# What DMX Software are you using?



## gma (Apr 20, 2012)

Hi,

I've recently dived into DMX lighting control and am having a lot of fun. But I started out with QLC+ software, and I'm running into a lot of little bugs. It's a bit of a shame, because it's pretty nice software - but it is still in heavy development, so that is to be expected. So I thought I'd pick the collective brain and see what you guys are using and liking. 

(PS - sorry if this is already answered in another thread, but "DMX" is too short to search on this forum! They might want to change that as "LED" "DMX" "RGB" are all pretty specific search terms but too short to search!)


----------



## halstaff (Nov 18, 2009)

I use the free software, Vixen - http://www.vixenlights.com/


----------



## corey872 (Jan 10, 2010)

xLights / Nutcracker is another powerful / free software option.

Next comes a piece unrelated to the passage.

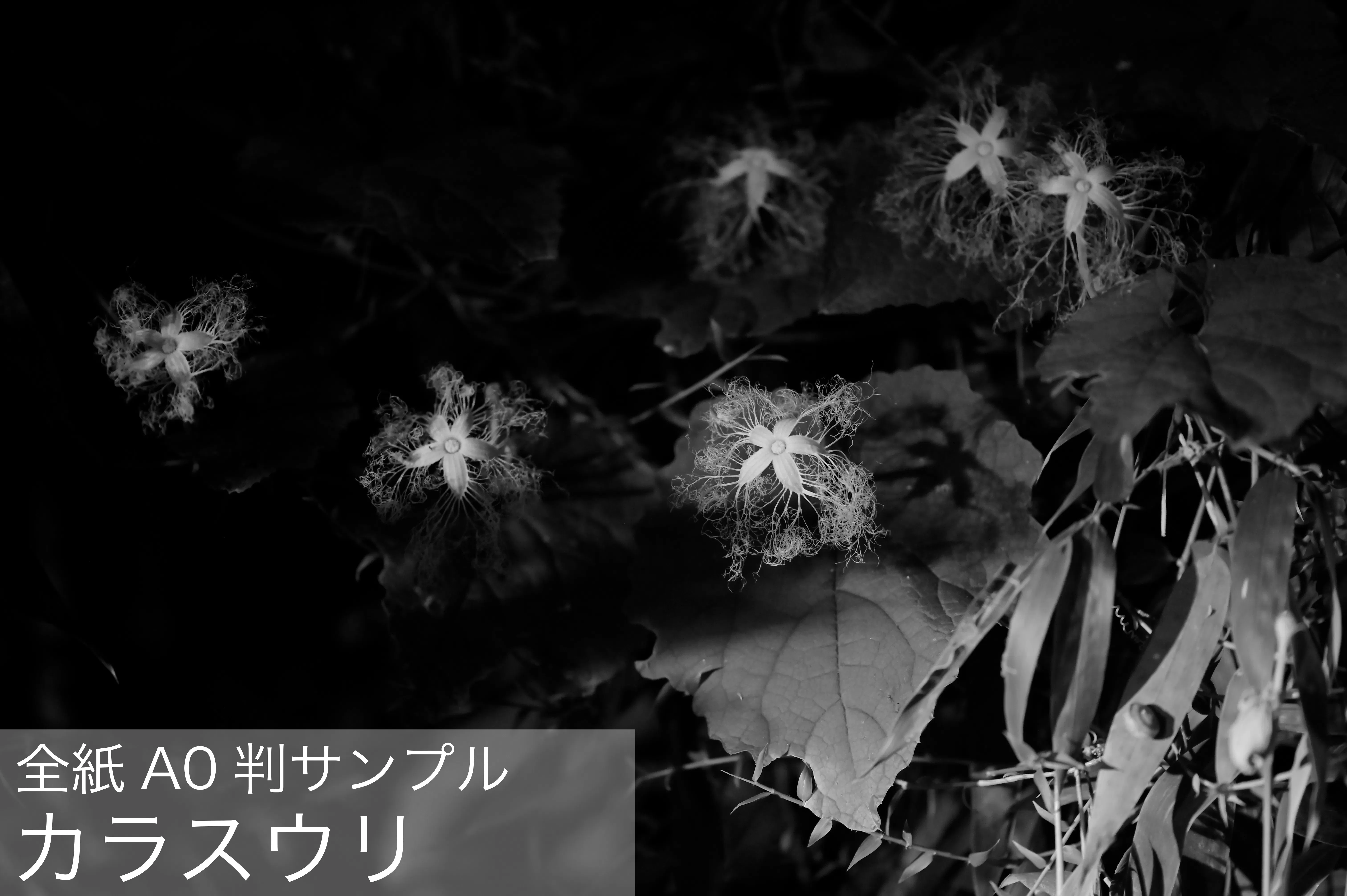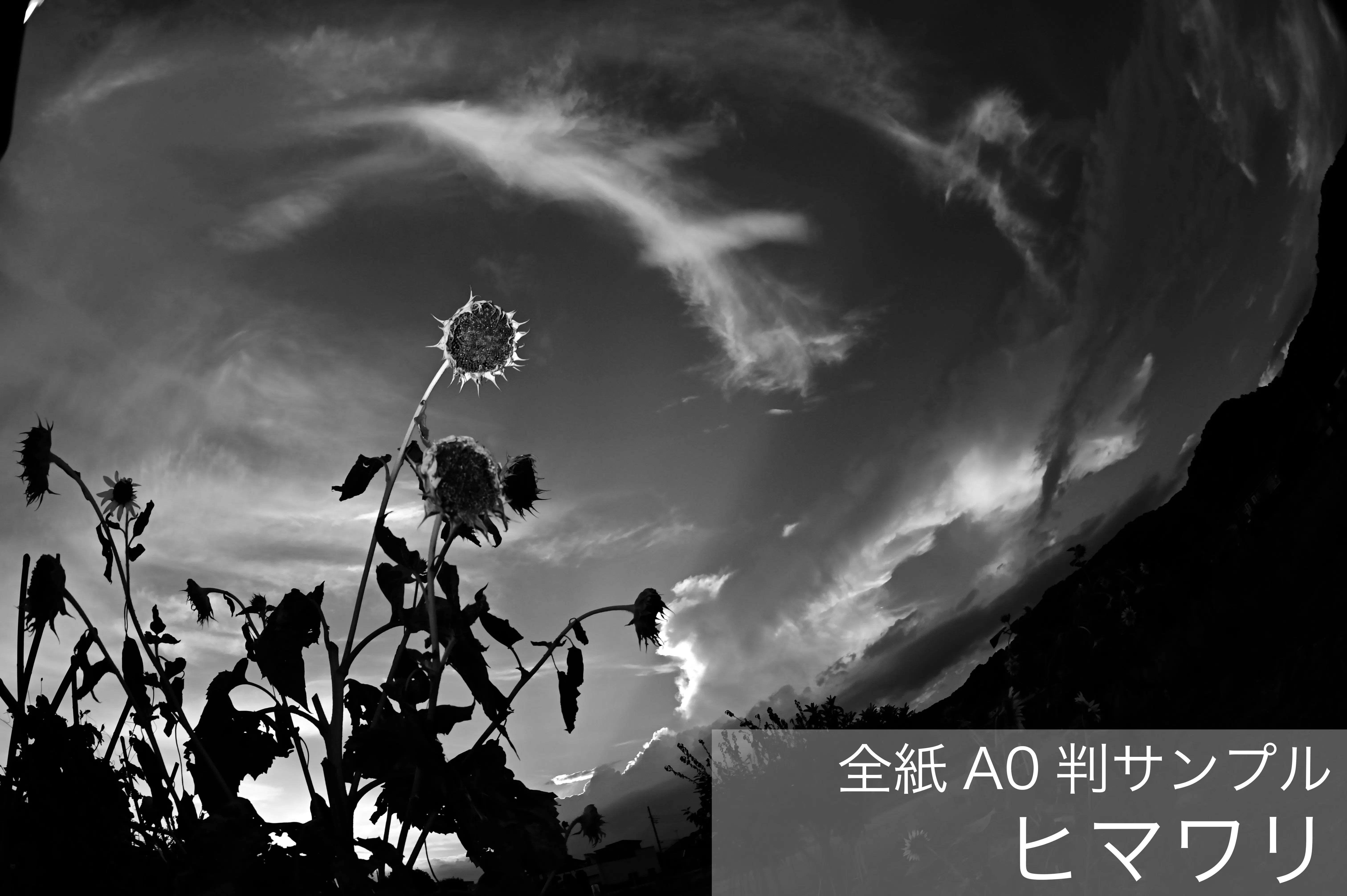 今回、ライフワークとして撮りためた四季の草花の姿を、是非ともこだわりのイギリス製 白黒(モノクローム)銀塩印画紙によるデジタルプリントでお届けしたいというのが、シノキさんたっての希望であります。

I'm just starting the learning curve on it. Everything I have is pixelnet because I need about 16,000 channels to drive strings of RGB nodes. Though I think pixelnet or DMX output are both possible given program options and the correct hardware.


----------



## beaver state rich (Jan 25, 2014)

I use Light o Rama because that is the hardware I am using and I also use video. However, Vixen and X-lights work well and are free!


----------



## imax (May 22, 2006)

Not free, but if you're running a large show, it might work well for you. We use Lightfactory. The website is: http://www.lightfactory.net/

We've been using it since at least 2007 and it's been a part of every show we've ever produced. It's become a really nice product over the years, and it's stabilized to something that we really count on to work every time.

It also has a couple of neat features, like a telnet server interface, which has allowed us to automate it in ways that you wouldn't really consider...


----------



## Palmdale Haunter (Mar 3, 2012)

I use VSA by Brookshire with Monkey Basic Helmsman on top...
I have experimented with Vixen and may move to that for the front yard show...


----------



## mkozik1 (Sep 6, 2010)

I use Vixen to sequence and the Falcon PI Player from to run my shows


----------



## EyeballsStudio (Sep 17, 2013)

I'm using QLC Plus (just got started, still have to learn a lot). I use this because it's cross platform (my pc runs Ubuntu). I have only scratched the surface of it's possibilities, but it seems really impressive!


----------



## DumpsterCow (Dec 30, 2014)

I use VSA with the DMXorcist board and software. I control 2 channel DMX Dimmers, 10 DMX splash lights and several SmartPixels (through the EasyPix controller).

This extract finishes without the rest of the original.